Kernel: Python 3 (system-wide)

Plot Description Based Recommender

In [1]:

import pandas as pd
import numpy as np

#Read the CSV File into df
# Note we have truncated the dataset to 5000 rows for illustration, the actual data has over 40000 rows
# the full dataset is available on Kaggle here
# https://www.kaggle.com/rounakbanik/the-movies-dataset/downloads/the-movies-dataset.zip/7
# the recommenders work better with more data of course

#Import data from the clean file (created in the Knowledge Recommender.ipynb file)
df = pd.read_csv('./data/metadata_clean.csv')

#Print the head of the cleaned DataFrame
df.head()

Out[1]:

In [2]:

#Import the original file
orig_df = pd.read_csv('./data/movies_metadata.csv', low_memory=False)

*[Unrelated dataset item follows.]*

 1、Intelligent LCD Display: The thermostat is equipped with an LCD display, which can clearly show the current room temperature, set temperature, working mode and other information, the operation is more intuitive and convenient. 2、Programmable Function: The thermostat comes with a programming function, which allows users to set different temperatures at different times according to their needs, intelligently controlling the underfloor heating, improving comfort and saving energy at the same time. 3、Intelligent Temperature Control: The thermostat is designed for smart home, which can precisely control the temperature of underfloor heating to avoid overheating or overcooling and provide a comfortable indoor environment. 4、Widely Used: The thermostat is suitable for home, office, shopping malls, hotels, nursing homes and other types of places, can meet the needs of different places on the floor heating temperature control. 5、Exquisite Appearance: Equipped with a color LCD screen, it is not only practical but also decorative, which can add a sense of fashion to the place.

#Add the useful features into the cleaned dataframe
df['overview'], df['id'] = orig_df['overview'], orig_df['id']

df.head()

Out[2]:

In [3]:

#Import TfIdfVectorizer from the scikit-learn library
from sklearn.feature_extraction.text import TfidfVectorizer

#Define a TF-IDF Vectorizer Object. Remove all english stopwords
tfidf = TfidfVectorizer(stop_words='english')

#Replace NaN with an empty string
df['overview'] = df['overview'].fillna('')

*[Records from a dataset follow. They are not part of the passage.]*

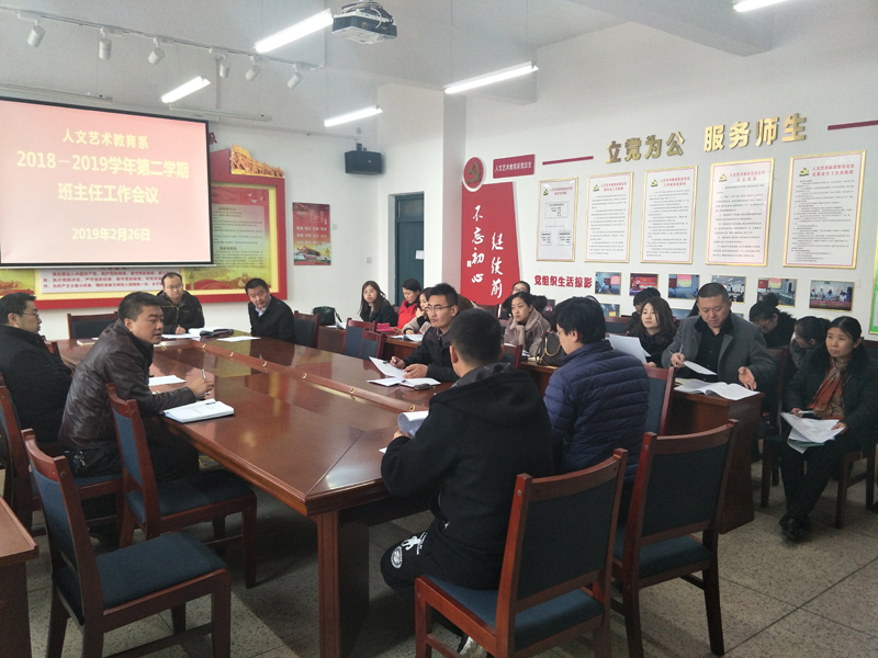 2月26日,人文藝術(shù)教育系全體班主任和學(xué)生工作管理人員在勵(lì)勤樓209會(huì)議室,召開新學(xué)期學(xué)生管理工作會(huì)議,會(huì)議由系黨總支書記胡靜峰同志主持,系副主任李欣做具體工作安排。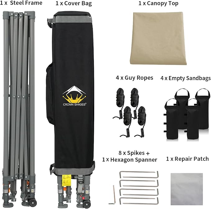 - HIGH GRADE STEEL FRAME - The durable, high-grade, corrosion-resistant steel truss frame with hardened through bolts comes pre-assembled and can be set up without any tools. Engineered to support up to 120 lbs. distributed across the frame, it ensures robust and reliable performance. The extended ceiling assembly and upgraded high peak design make it easier for rainwater to run off, preventing water pooling on the canopy. Perfect for extended outdoor use at markets, festivals, and exhibitions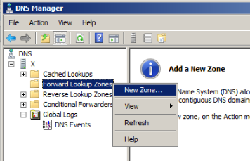 In DNS Manager, in the left pane, right-click "Forward Lookup Zones" and select "New Zone...", as shown below.
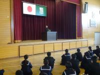 どうか、「後輩から慕われ、信頼される先輩」となってください。そして、学習や部活動を頑張るとともに、勤労や奉仕の精神を育て、

#Construct the required TF-IDF matrix by applying the fit_transform method on the overview feature
tfidf_matrix = tfidf.fit_transform(df['overview'])

#Output the shape of tfidf_matrix
tfidf_matrix.shape

Out[3]:

(5000, 22304)

In [4]:

# Import linear_kernel to compute the dot product
from sklearn.metrics.pairwise import linear_kernel

# Compute the cosine similarity matrix
cosine_sim = linear_kernel(tfidf_matrix, tfidf_matrix)

In [5]:

#Construct a reverse mapping of indices and movie titles, and drop duplicate titles, if any
indices = pd.Series(df.index, index=df['title']).drop_duplicates()

In [6]:

###############################
# This is Banik's Approach. Don't use this approach. Use the approach from the lesson
###############################

# Function that takes in movie title as input and gives recommendations 
def content_recommender(title, cosine_sim=cosine_sim, df=df, indices=indices):
    # Obtain the index of the movie that matches the title
    idx = indices[title]

    # Get the pairwsie similarity scores of all movies with that movie
    # And convert it into a list of tuples as described above
    sim_scores = list(enumerate(cosine_sim[idx]))

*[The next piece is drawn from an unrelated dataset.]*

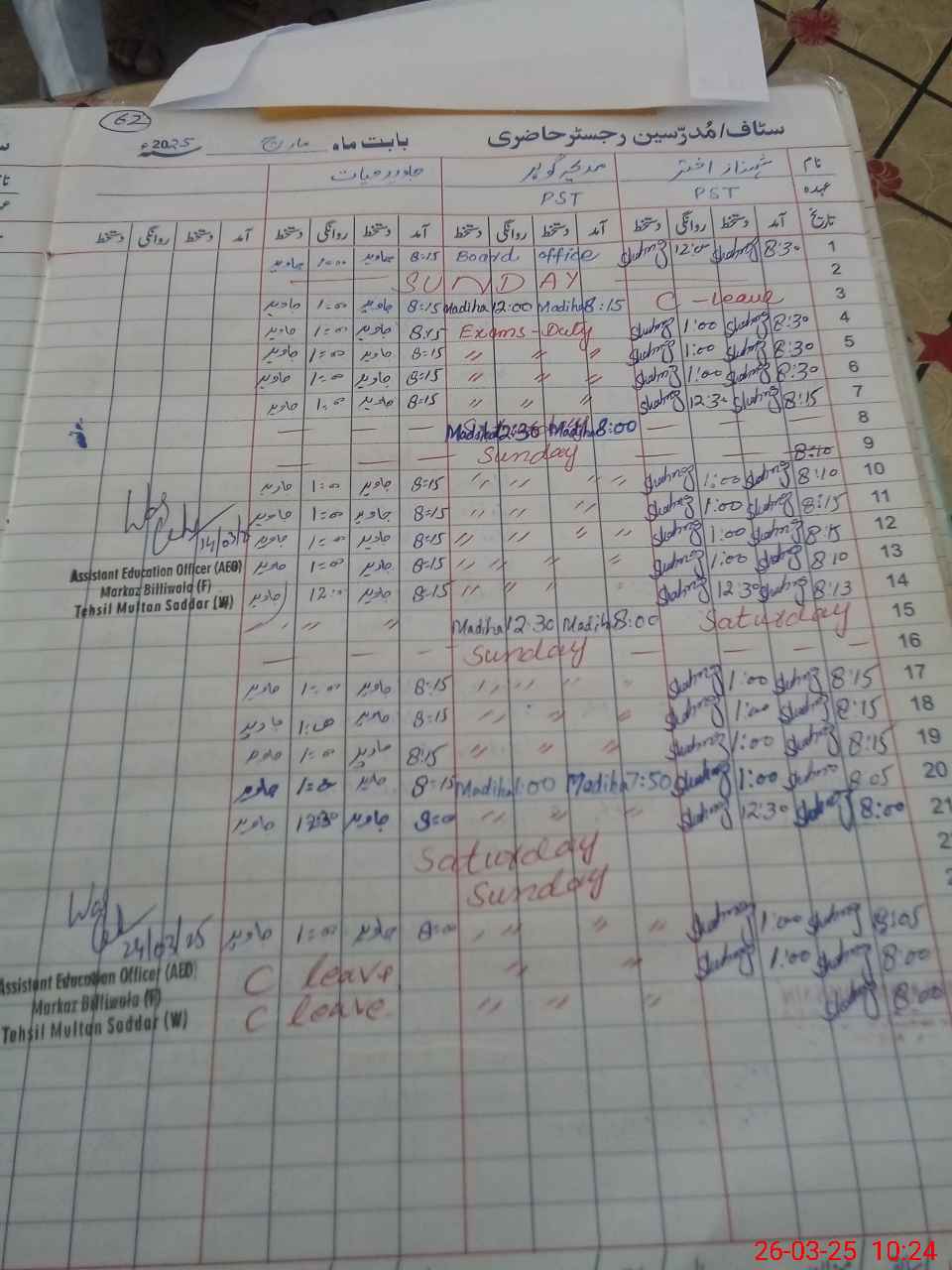| Leave | Duty | Absent | Maternity | Medical | Ex- Pak |

    # Sort the movies based on the cosine similarity scores
    sim_scores = sorted(sim_scores, key=lambda x: x[1], reverse=True)

    # Get the scores of the 10 most similar movies. Ignore the first movie.
    sim_scores = sim_scores[1:11]

    # Get the movie indices
    movie_indices = [i[0] for i in sim_scores]

    # Return the top 10 most similar movies
    return df['title'].iloc[movie_indices]

In [7]:

#Get recommendations for The Lion King

# some of these will seem inappropriate with our smaller dataset, grab the full data from kaggle for better results
content_recommender('The Lion King')

Out[7]:

       The Waiting Game
  Napoleon and Samantha
        The Wizard of Oz
               The Bear
         Prince Valiant
      Shadow of a Doubt
            Pot o' Gold
                  42 Up
              King Kong
       A Perfect Murder
Name: title, dtype: object

Metadata Based Recommender

In [8]:

# Load the keywords and credits files
cred_df = pd.read_csv('./data/credits.csv',low_memory=False,usecols=[0,1,2]) 
key_df = pd.read_csv('./data/keywords.csv')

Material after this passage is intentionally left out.